Afraid the end results are photographed inside the unit here, it was pitch dark outside when we finished so indoor only shots I'm afraid... hopefully though, the above shots with the lights show the quality of the finish achieved. Afters...














































Now, just for fun, we decided to play around with lighting in the unit... These photographs have not been edited in any way in Photoshop etc, but we have played around with the lighting in the unit so as far as I am concerned these are not "bona fide" after shots, but rather photographically pleasing after shots (there's a difference ).

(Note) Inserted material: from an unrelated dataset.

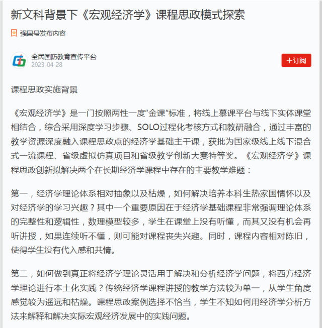 学习强国平台报道亚洲色吧 《宏观经济学》课程思政模式

But just for fun, some more piccies...





































Joined by a friend for some more pics 














































And back to normal for some more after pics...




























We hope you enjoy the detailing (most importantly) and the pics as well 

Big thanks go to the team: Gordon, Davy, and Kara.

And to Chris, the owner of the car, who was never shy of mucking in and giving everything a go and did a lot of the correction and finishing work you see here! Top man :thumb:


----------



## hallett (May 22, 2008)

that looks excellent, great work guys and a lovely car, really like the red rims 

Daniel


----------



## mattjonescardiff (Dec 12, 2006)

Gorgeous after shots there Dave. I'd love to have seen the car in the flesh. 

Thanks for such an interesting post as always.


----------



## Modmedia (Jul 25, 2008)

Bookmarked. Good reference point for what works well on an Ibiza.

Thanks


----------



## mattsbmw (Jul 20, 2008)

Great post Dave, very infomative and the finish looks amazing :thumb:


----------



## Brazo (Oct 27, 2005)

Great work on the scratchs Dave, Gordon et al, a real turn around!


----------



## Edward101 (Jun 5, 2009)

Nice write up and explanations as usual. The final shots are amazing. What are the red alloys? Porsche ones?


----------



## yetizone (Jun 25, 2008)

Really informative write up and a superb guide as to how to deal with deep scratch marks. Excellent stuff :buffer: 

Likewise with Modmedia - page bookmarked :thumb:

Can you please mention where we can get small paint touch up bottles made up to have both paint and lacquer in the same container? :thumb:


----------



## colarado red (Jun 5, 2008)

amazing work and thorough detailed write up


----------



## aod (Apr 7, 2009)

Wow that was inspirational!

I'd like know please - after the sanding down around the scratches, and flattening of the paint - is it sanded down to the primer/metal, because that's what it looks like? The next picture shows perfectly finished paint work. I'm confused at how you arrived here given the previous shot (mainly because i'm not sure what sanding haze is).


----------



## ajc347 (Feb 4, 2009)

Excellent and informative post. :thumb:

I'm interested in learning more about the computer software program you used to give a 3-D image of paint thickness. 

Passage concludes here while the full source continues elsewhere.